Problem: Your job is to give again, exactly and with no additions, the lines in the records below from the one with "投票は、最終案の6案から2～" through the one with "MONACO 42349 TESTA", both included. Omit the pictures.

Information given:

=-=-=

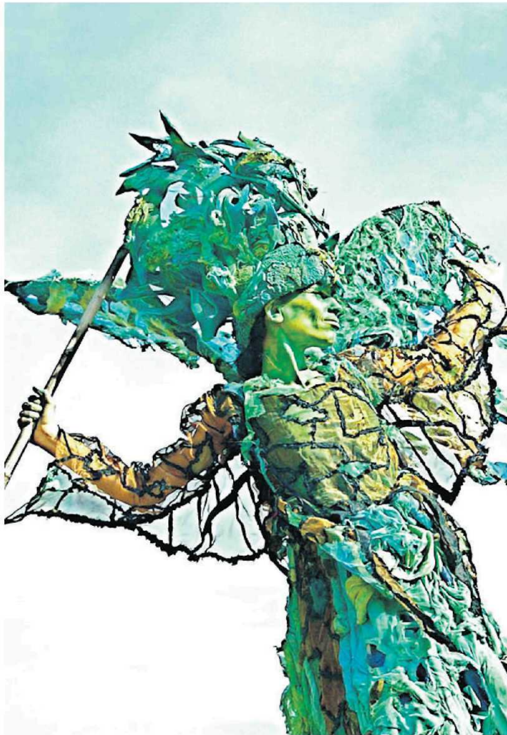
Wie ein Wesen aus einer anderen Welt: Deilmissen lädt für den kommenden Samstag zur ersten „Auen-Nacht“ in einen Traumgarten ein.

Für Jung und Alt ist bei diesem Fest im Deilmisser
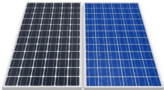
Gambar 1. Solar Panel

=-=-=

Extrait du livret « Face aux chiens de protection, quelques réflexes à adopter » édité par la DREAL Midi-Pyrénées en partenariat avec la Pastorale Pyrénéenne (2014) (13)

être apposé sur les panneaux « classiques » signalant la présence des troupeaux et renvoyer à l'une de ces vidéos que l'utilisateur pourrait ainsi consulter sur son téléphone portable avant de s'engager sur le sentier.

=-=-=

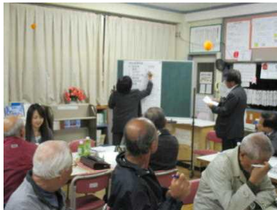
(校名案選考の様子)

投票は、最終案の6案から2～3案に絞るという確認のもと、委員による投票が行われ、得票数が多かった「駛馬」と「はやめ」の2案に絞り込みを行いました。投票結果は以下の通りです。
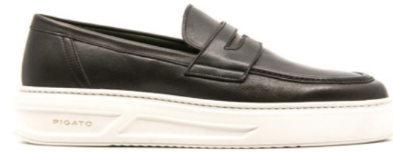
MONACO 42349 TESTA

=-=-=

Exercise answer:
投票は、最終案の6案から2～3案に絞るという確認のもと、委員による投票が行われ、得票数が多かった「駛馬」と「はやめ」の2案に絞り込みを行いました。投票結果は以下の通りです。
MONACO 42349 TESTA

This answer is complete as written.